• The task: Below are records. Transcribe exactly the lines from the one that contains "Elk soundboard biedt de" through the last line, leaving any pictures out.

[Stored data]
================================
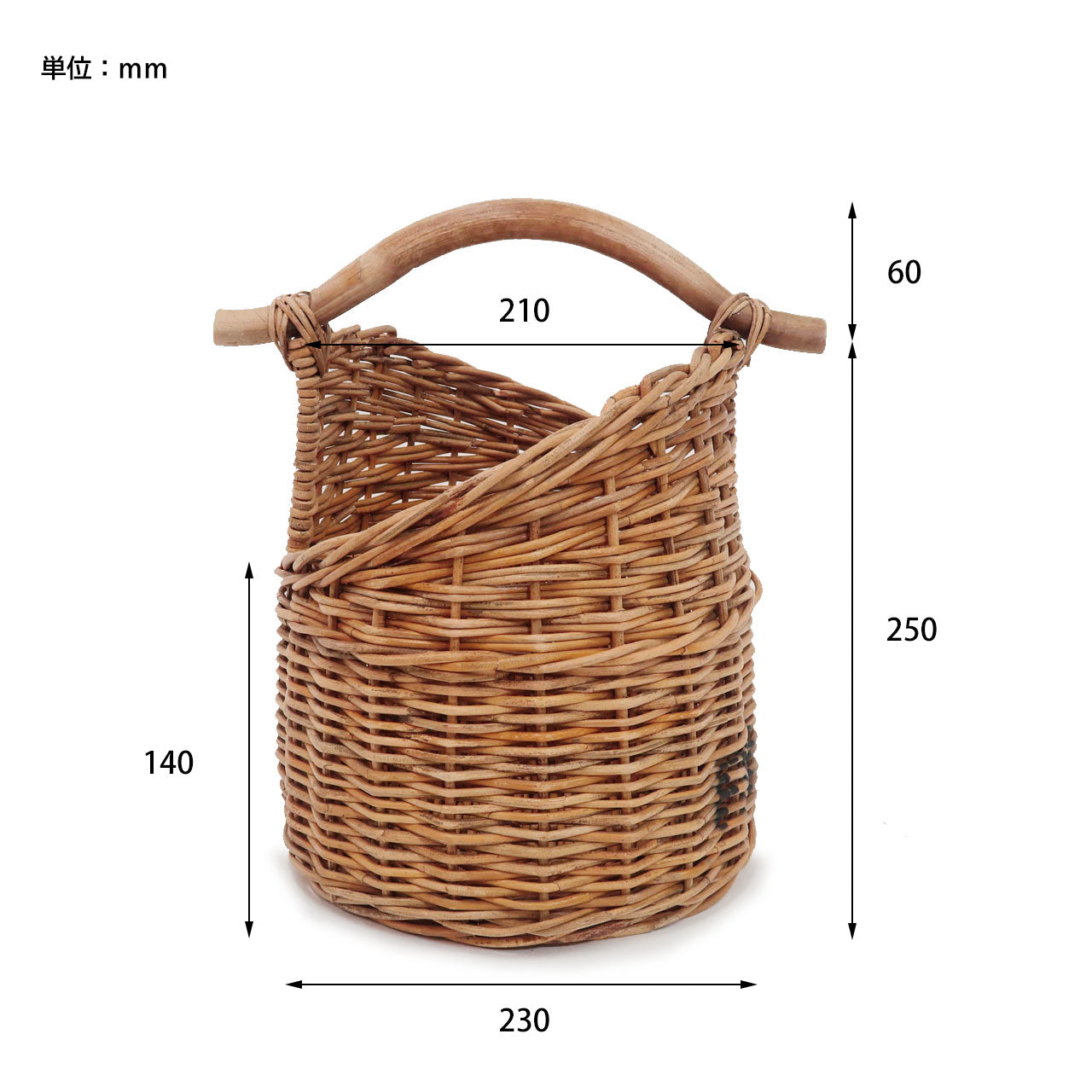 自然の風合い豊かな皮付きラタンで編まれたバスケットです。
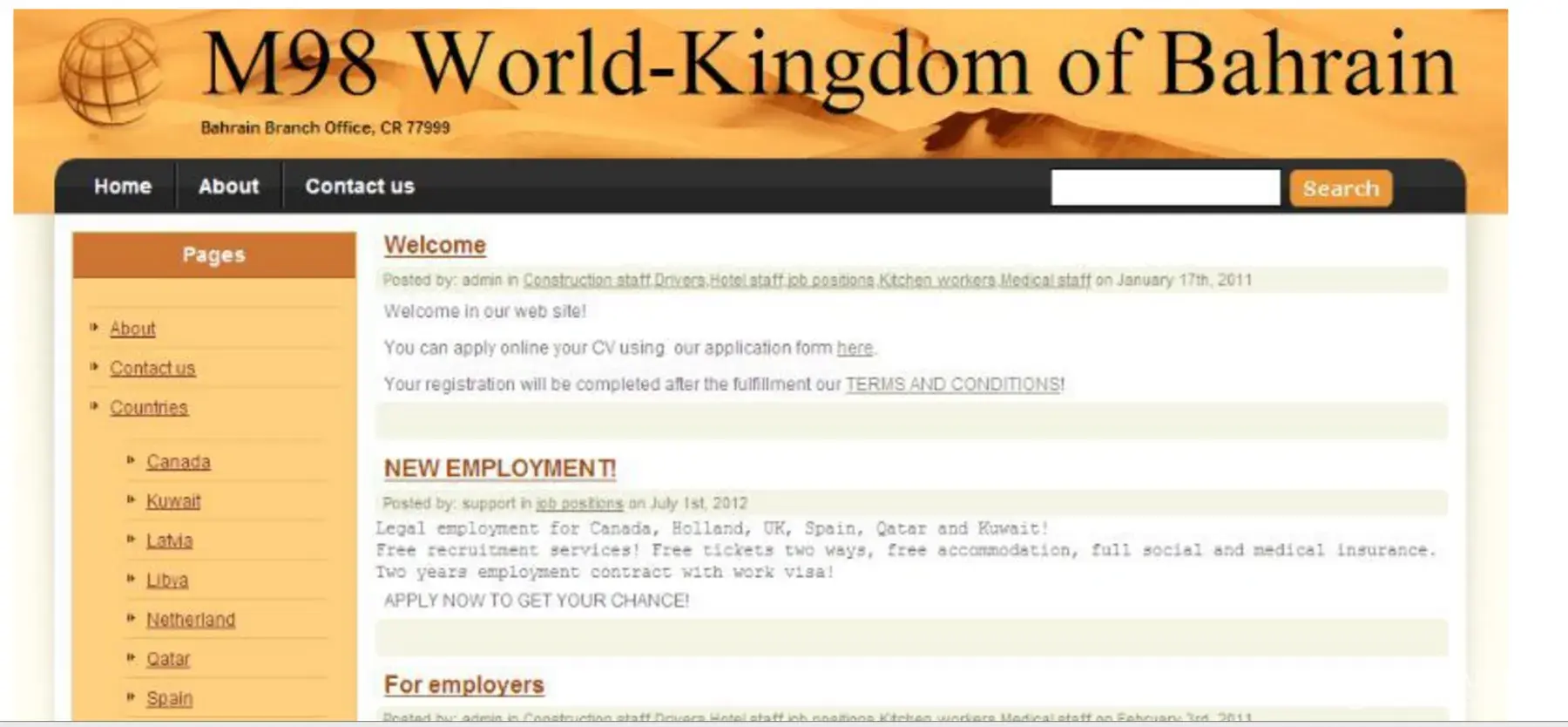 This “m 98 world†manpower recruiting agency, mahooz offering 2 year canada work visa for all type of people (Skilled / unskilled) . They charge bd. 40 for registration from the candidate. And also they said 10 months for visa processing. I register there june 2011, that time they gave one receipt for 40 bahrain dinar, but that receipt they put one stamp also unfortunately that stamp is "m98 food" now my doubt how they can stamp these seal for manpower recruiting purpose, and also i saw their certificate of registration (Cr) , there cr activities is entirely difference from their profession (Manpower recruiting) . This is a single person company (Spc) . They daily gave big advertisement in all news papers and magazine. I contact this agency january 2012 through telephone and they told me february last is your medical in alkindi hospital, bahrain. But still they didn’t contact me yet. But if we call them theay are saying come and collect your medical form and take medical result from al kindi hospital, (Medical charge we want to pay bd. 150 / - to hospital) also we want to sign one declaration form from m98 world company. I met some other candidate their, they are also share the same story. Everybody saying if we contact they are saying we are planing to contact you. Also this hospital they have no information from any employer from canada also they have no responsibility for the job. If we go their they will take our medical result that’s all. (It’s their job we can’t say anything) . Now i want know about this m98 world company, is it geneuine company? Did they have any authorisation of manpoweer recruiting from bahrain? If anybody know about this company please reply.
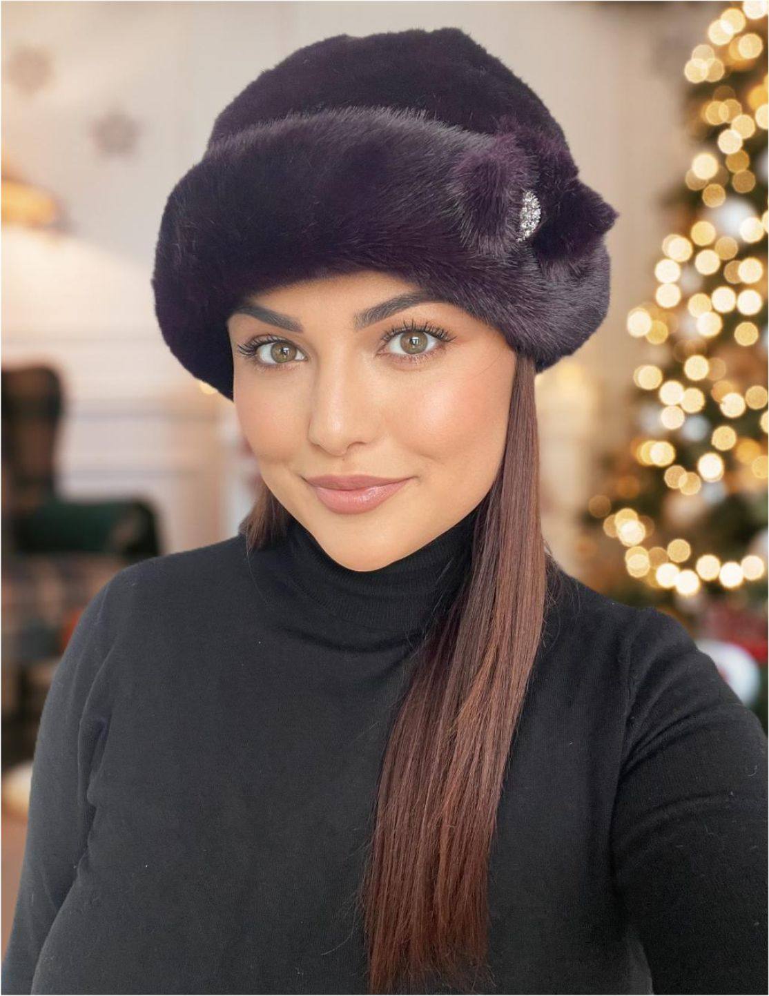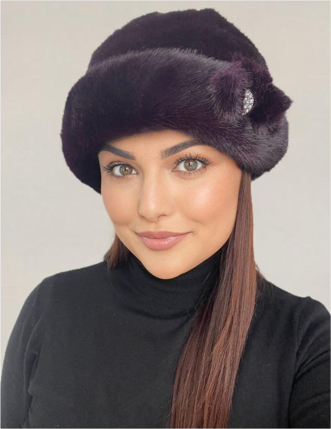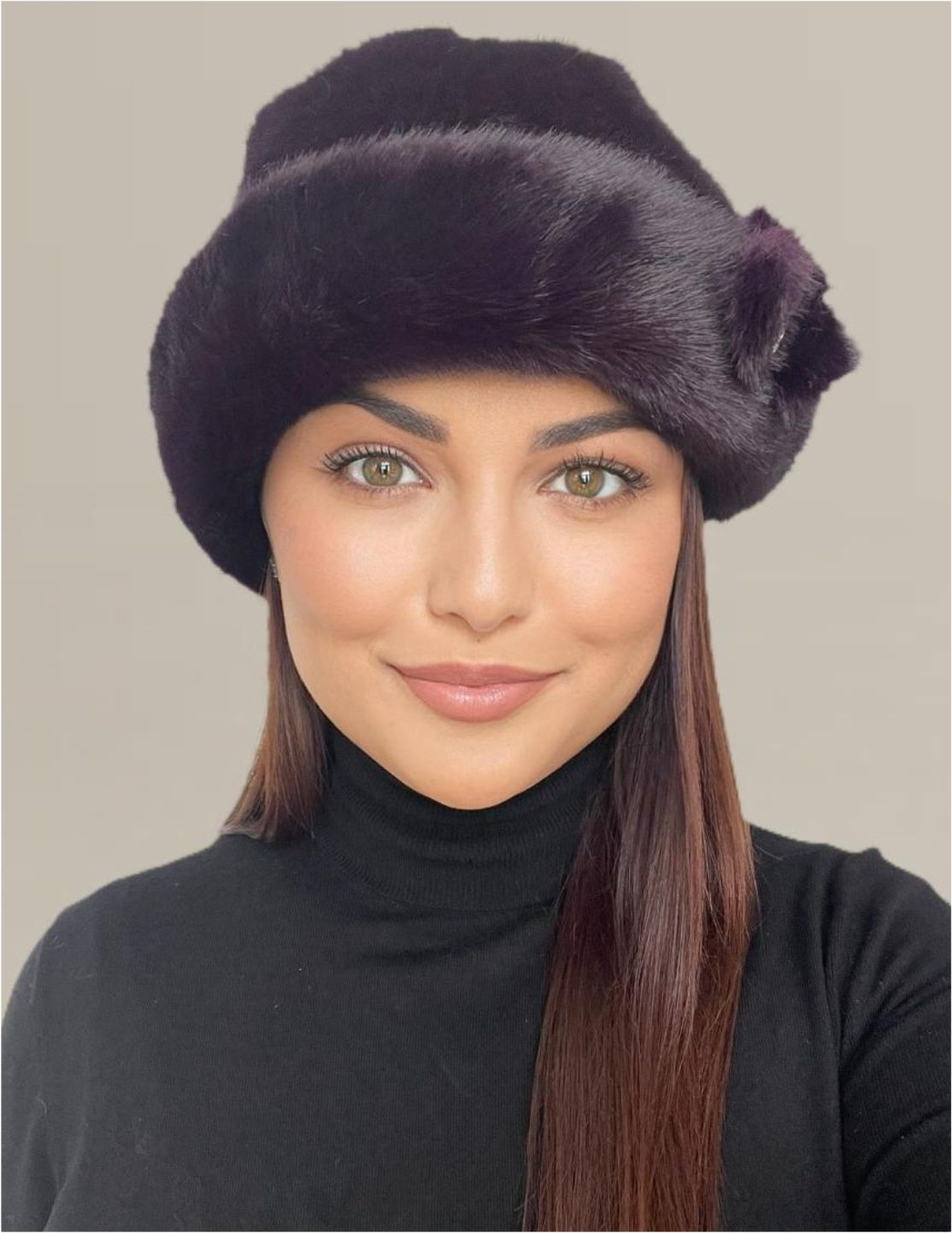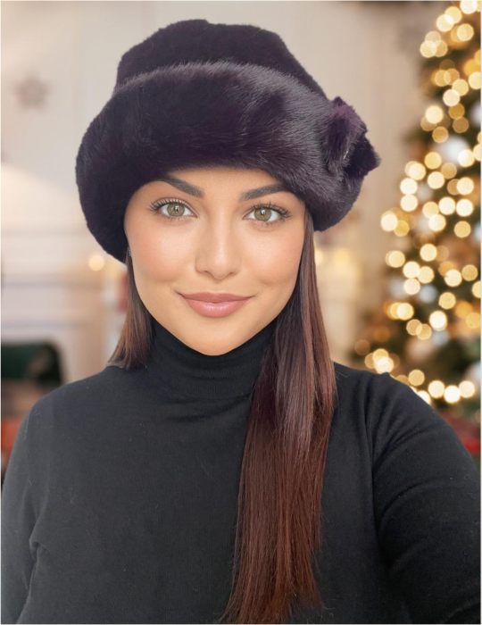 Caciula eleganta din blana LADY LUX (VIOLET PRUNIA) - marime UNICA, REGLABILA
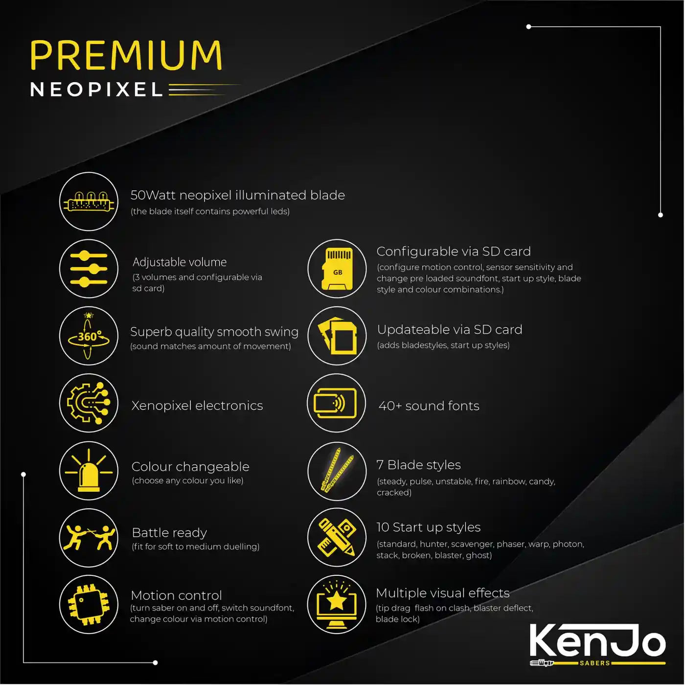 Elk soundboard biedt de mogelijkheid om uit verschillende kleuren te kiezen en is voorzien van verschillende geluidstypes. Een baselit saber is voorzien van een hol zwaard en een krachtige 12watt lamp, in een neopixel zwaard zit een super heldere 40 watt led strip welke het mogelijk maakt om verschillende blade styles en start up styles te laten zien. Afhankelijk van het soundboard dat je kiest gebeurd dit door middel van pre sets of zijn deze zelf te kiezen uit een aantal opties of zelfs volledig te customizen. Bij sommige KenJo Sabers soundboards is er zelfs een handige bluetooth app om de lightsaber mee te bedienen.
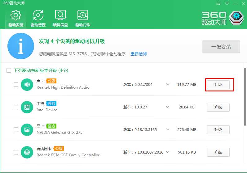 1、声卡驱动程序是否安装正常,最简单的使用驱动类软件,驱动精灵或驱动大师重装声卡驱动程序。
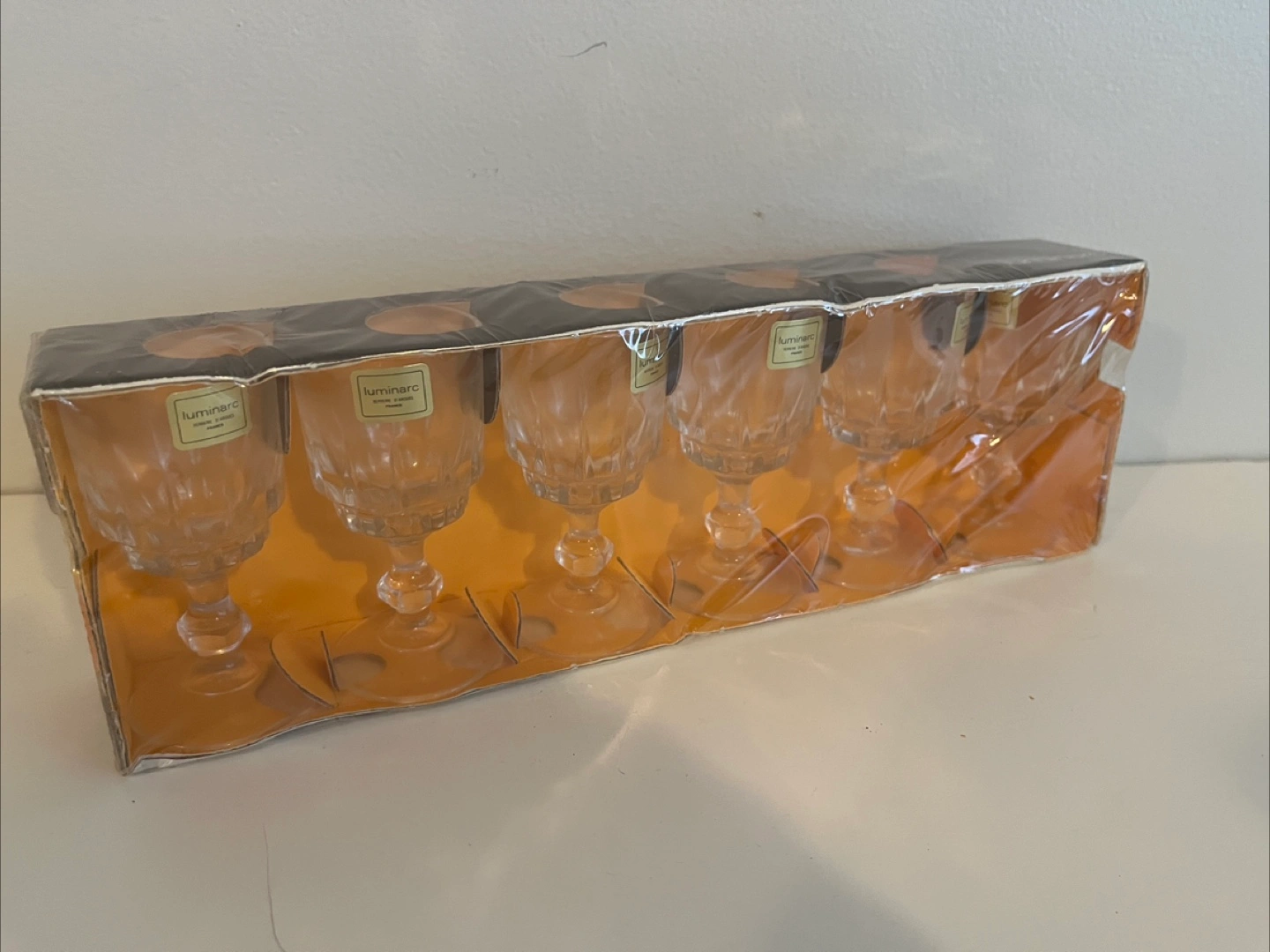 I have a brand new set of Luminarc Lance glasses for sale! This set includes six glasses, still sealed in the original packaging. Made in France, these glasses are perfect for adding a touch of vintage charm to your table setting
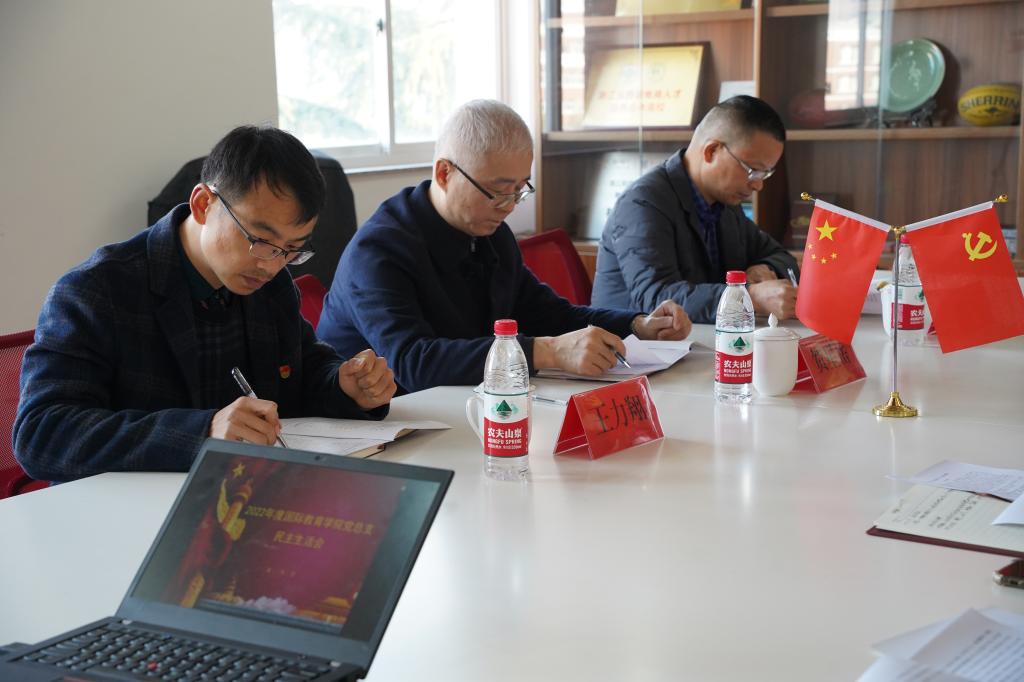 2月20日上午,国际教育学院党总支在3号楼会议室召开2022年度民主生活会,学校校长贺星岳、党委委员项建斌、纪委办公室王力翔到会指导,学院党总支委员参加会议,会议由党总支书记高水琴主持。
================================
• Reply to the task:
 Elk soundboard biedt de mogelijkheid om uit verschillende kleuren te kiezen en is voorzien van verschillende geluidstypes. Een baselit saber is voorzien van een hol zwaard en een krachtige 12watt lamp, in een neopixel zwaard zit een super heldere 40 watt led strip welke het mogelijk maakt om verschillende blade styles en start up styles te laten zien. Afhankelijk van het soundboard dat je kiest gebeurd dit door middel van pre sets of zijn deze zelf te kiezen uit een aantal opties of zelfs volledig te customizen. Bij sommige KenJo Sabers soundboards is er zelfs een handige bluetooth app om de lightsaber mee te bedienen.
 1、声卡驱动程序是否安装正常,最简单的使用驱动类软件,驱动精灵或驱动大师重装声卡驱动程序。
 I have a brand new set of Luminarc Lance glasses for sale! This set includes six glasses, still sealed in the original packaging. Made in France, these glasses are perfect for adding a touch of vintage charm to your table setting
 2月20日上午,国际教育学院党总支在3号楼会议室召开2022年度民主生活会,学校校长贺星岳、党委委员项建斌、纪委办公室王力翔到会指导,学院党总支委员参加会议,会议由党总支书记高水琴主持。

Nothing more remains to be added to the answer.